Figure 10: Improved full-link pressure measurement gives us benefits
Automated Distances
In front of the main introduction of our business-based operation and maintenance system needs of the various core functions, the following highlights, we in the entire system construction, the construction of automation mainly focused on where.
1. Automatic detection of anomaly points
The abnormal points are detected by analyzing the historical data, and the alarm thresholds are automatically calculated and set.
Figure 11: Detection of anomaly points
2. Automatic triggering of service protection
According to a variety of monitoring indicators to accurately diagnose anomalies, and in advance to identify the abnormal scenario with our service protection plan to correlate, you can automate the service protection plan trigger.
Figure 12: Anomaly detection and service protection linkage
3. Automation of pressure Measurement Plan
We need to prepare for the following work:
Based on the transformation of real traffic, the basic data structure, data desensitization, data verification and so on as far as possible through the task ahead.
During the flow playback phase, we can trigger the failure plan for the typical fault scenario (e.g.
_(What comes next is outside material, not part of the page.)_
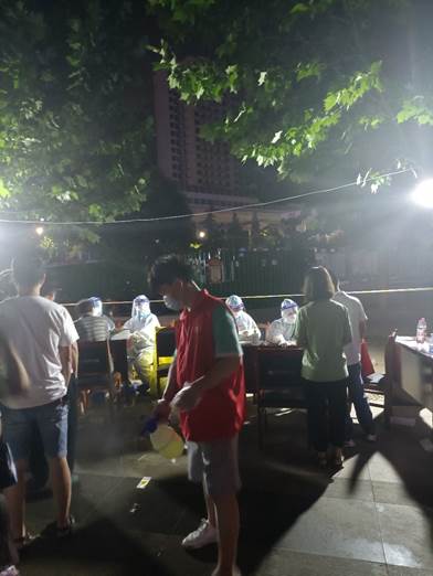 从8月1日下午4点半到8月2日凌晨5点半,两名同学在小乔社区核酸检测点连续奋战14个小时。“您好,请出示健康码……”“您好,请保持一米距离……”这样的对话已重复成千上万次,他们身着红马甲,手持大喇叭和消毒液,提醒检测市民佩戴好口罩,保持间隔一米距离,帮助引导老人和其他需要手机登记注册的市民登记,协助排查临检人员的健康码和预约码,保障临检队伍秩序等....从白天到黑夜,从凌晨到日出,两点“志愿红”从未停歇,而两人身上的衣服也早已被汗水浸湿。

Tair fault).
At the same time, we can combine the relationship data of the core link to accurately locate the problem node which is strongly related to the fault scene.
We automatically trigger the corresponding service protection plan based on the service protection relationship we established for the typical fault scenario.
Throughout the process, we need to finally confirm that the performance of each environment has reached our expectations, it is necessary to have a corresponding monitoring log output at each stage, the final automated output of the final pressure test report.
Figure 13: Automation of the pressure measurement program
Conclusion: The post-exerting point of automation construction
In the whole operation and maintenance system construction, only more accurate location problem root node, diagnose the root cause of the problem can be gradually automated to do some operations (such as: Trigger downgrade switch, expansion cluster, etc.). As shown in Figure 14, we will continue to invest in these aspects of the refinement of the construction, we hope to detect any dimension of the anomaly, up to determine which business indicators may affect what the user experience; down-to-all-link pressure measurement can be very accurate capacity planning, saving resources.
Figure 14: The post-force point of automation construction
Reply to "1" in the public number to bring you into your fan group.